* EXERCISE MATERIAL
•••

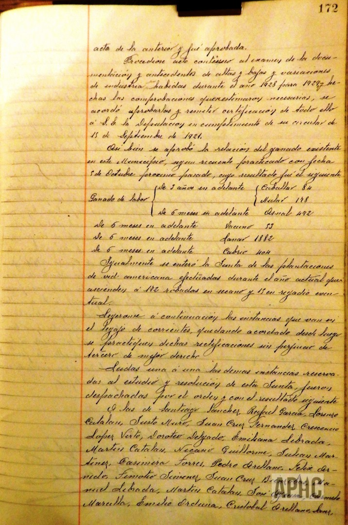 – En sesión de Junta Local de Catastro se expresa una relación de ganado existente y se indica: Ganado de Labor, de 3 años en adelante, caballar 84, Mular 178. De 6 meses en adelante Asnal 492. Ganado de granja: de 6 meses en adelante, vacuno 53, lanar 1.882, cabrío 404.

•••

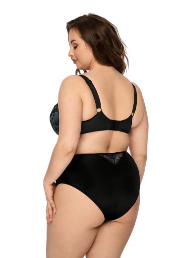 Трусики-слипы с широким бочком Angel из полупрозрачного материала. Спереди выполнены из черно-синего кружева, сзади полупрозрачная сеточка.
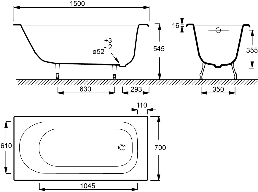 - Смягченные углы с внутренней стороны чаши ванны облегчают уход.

•••

Set down, exactly as written above, each line from the one with "Трусики-слипы с широким" through the one with "- Смягченные углы", and skip the pictures.

* RESPONSE BOX
 Трусики-слипы с широким бочком Angel из полупрозрачного материала. Спереди выполнены из черно-синего кружева, сзади полупрозрачная сеточка.
 - Смягченные углы с внутренней стороны чаши ванны облегчают уход.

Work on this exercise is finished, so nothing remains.